The scaler process did not start
Section titled “The scaler process did not start”Context:
This means that we could not fork into gitlab-resize-image
.
Symptoms:
- Users may notice that image downloads take longer than usual
- In Kibana, you will see error logs saying
fork into scaler process: <reason>
- In Thanos,
gitlab_workhorse_image_resize_requests_total
will have an elevated rate ofstatus="served-original"
Actions:
This is unlikely to “just happen” and your best bet is to look at logs in Kibana to understand why.
No image was served
Section titled “No image was served”Context:
This means we were entirely unable to serve an image to the client. This will always result in a 500, and is a user facing error. Unfortunately, there are also countless reasons for why this might happen.
Symptoms:
- Users may see broken images or no images at all
- In Thanos,
gitlab_workhorse_image_resize_requests_total
will have an elevated rate ofstatus="request-failed"

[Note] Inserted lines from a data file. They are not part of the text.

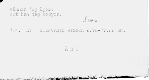 //// Vänner j ag äger , .det k a n j a g be dyr a. //// rj hfi-O //// 7:4. LT S1LFVÄSTS VISBOK s.76-77.nr 38. //// j //// Å B O ////
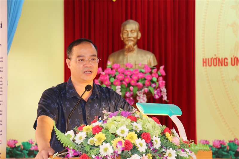 Đồng chí Bùi Văn Thành, Trưởng phòng TN-MT thành phố giới thiệu những nội dung cơ bản của Luật Đất đai 2013.
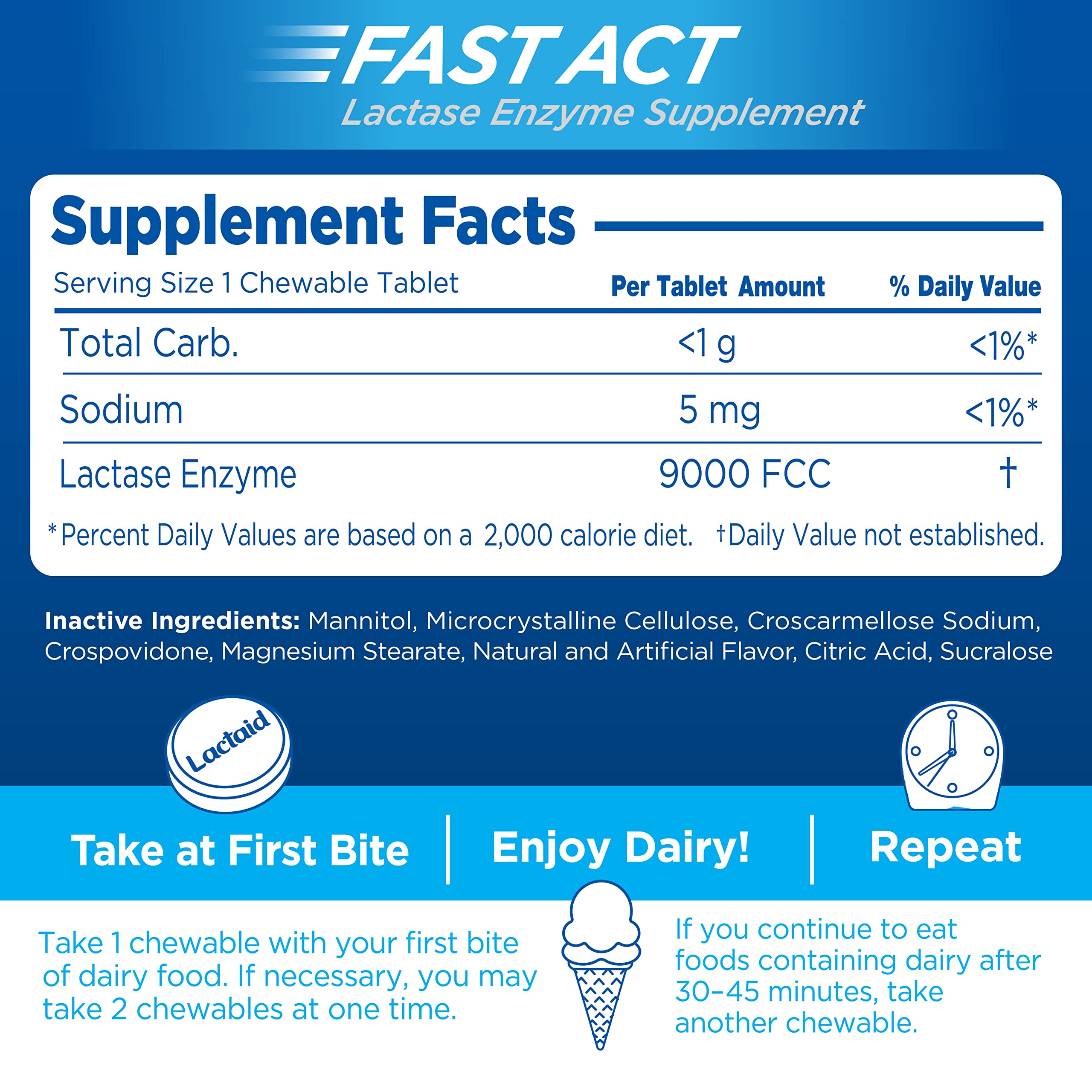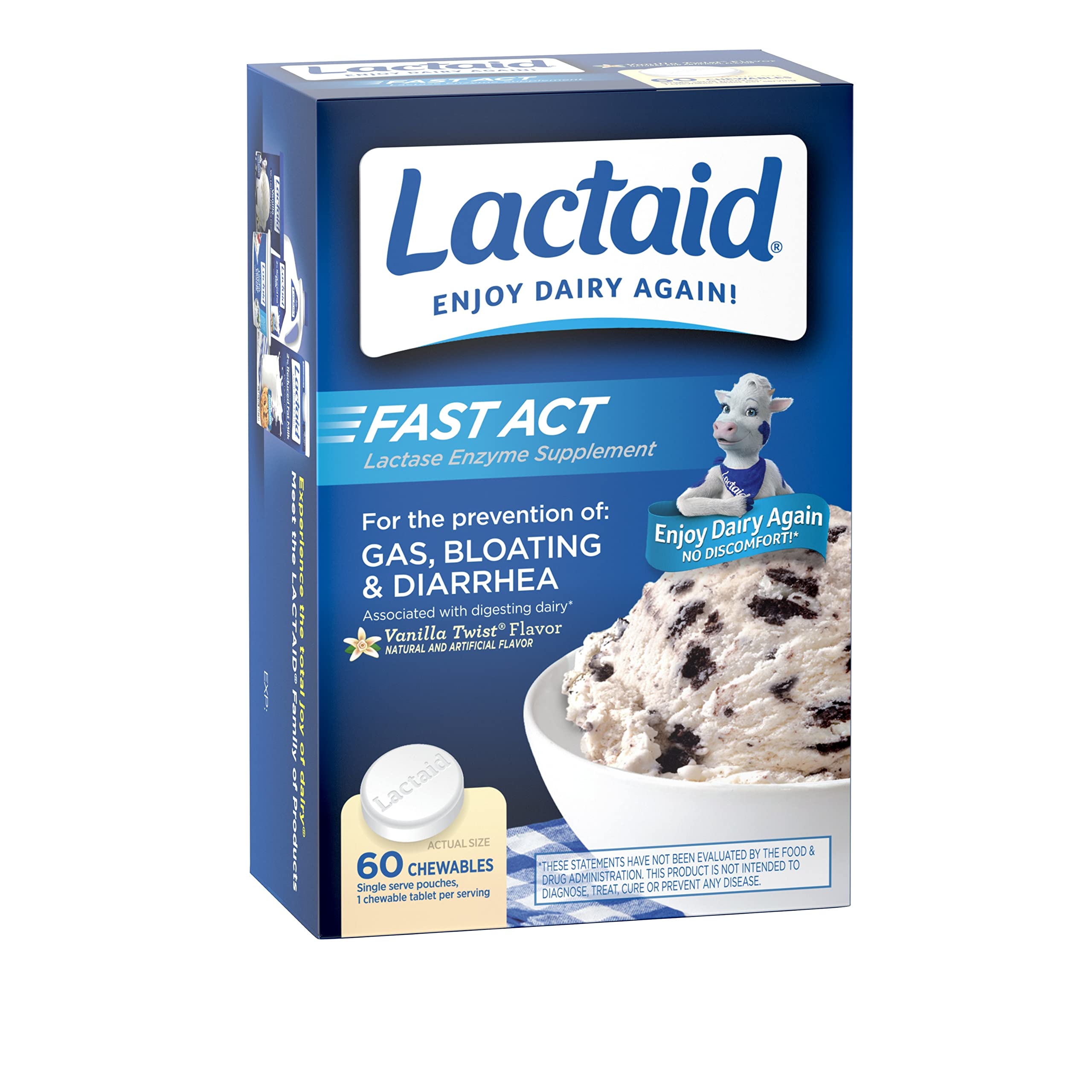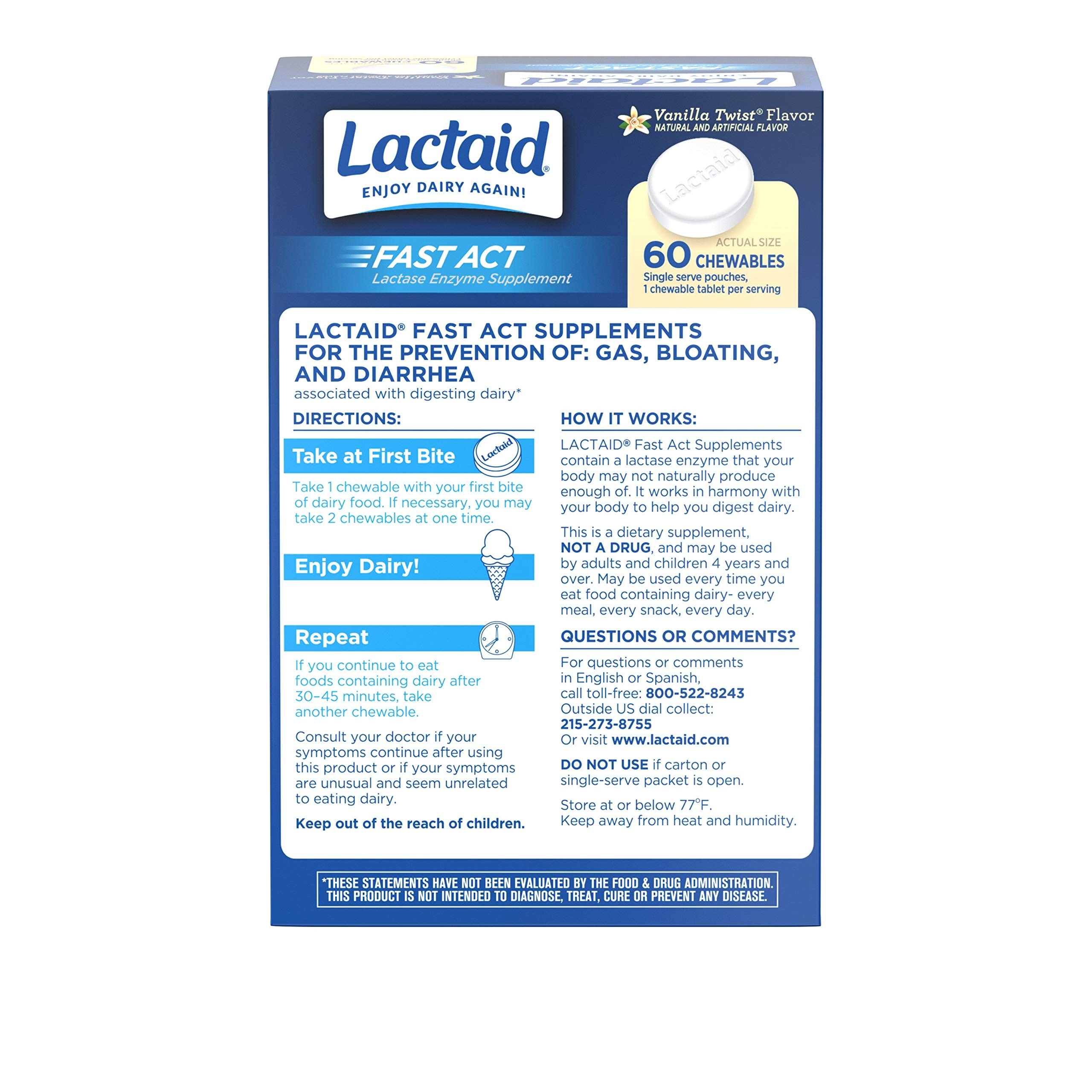 Lactaid Fast Act Chewables with natural lactase enzyme come in a Vanilla Twist flavor and work quickly to make dairy foods easy to digest for those with lactose intolerance or dairy sensitivity so you can enjoy everything on your plate. This digestive supplement helps prevent the gas bloating and diarrhea that many people experience after eating foods containing dairy. The lactase enzymes in this dietary supplement contain 9000 FCC lactase units to help prevent symptoms associated with lactose intolerance by breaking down milk sugar (lactose) so dairy foods are easier to digest. These tasty chewables feature a smooth Vanilla Twist flavor and start working with your first bite or sip of dairy food. Certified kosher and suitable for ages 4 and up Lactaid Fast Act Chewables are available inconvenient individually-wrapped packs making them easily portable for on-the-go dairy relief anywhere anytime.
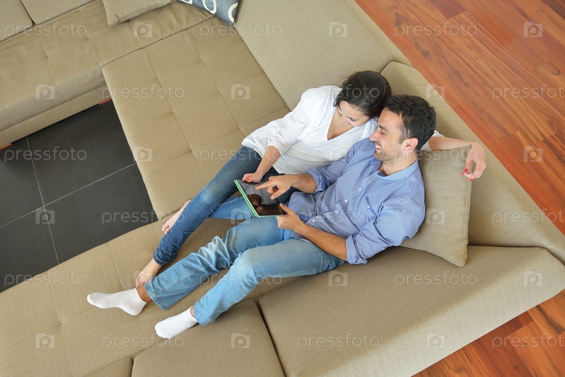 Пара с планшетом на диване
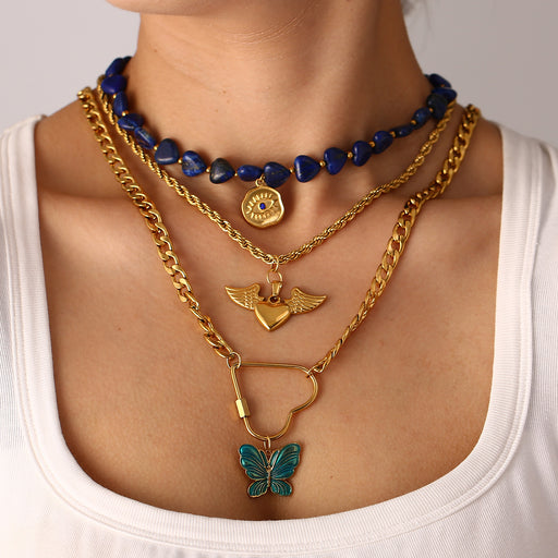 Precio original USD$2.36 - Precio original USD$3.46Precio original USD$2.36USD$4.24 - USD$6.23USD$4.24 - USD$6.23Precio actual USD$4.24Wholesale Personalized and flamboyant style stainless steel Cuban chain wing heart necklace, natural stone necklace wholesale

- In Kibana, request logs for the scaler will contain error messages
Actions:
This is likely to be highly contextual, but a few things to look out for:
- Are we failing to serve any data? This could be indicated by the
json.written_bytes
field in Kibana logs being 0 - Did we previously fail over to the original image and did we fail to serve that, or did we scale successfully but failed to serve the rescaled image? Scaler failure should be indicated by additional error logs preceeding the serving failure.
- Was there a problem accessing the image in object storage? Check if there is a problem with GCS credentials.
- Did
gitlab-resize-image
return with a non-zero exit code? Scan logs for why this happened. - Are clients timing out and closing the connection? This could indicate that we are taking too long to serve image data.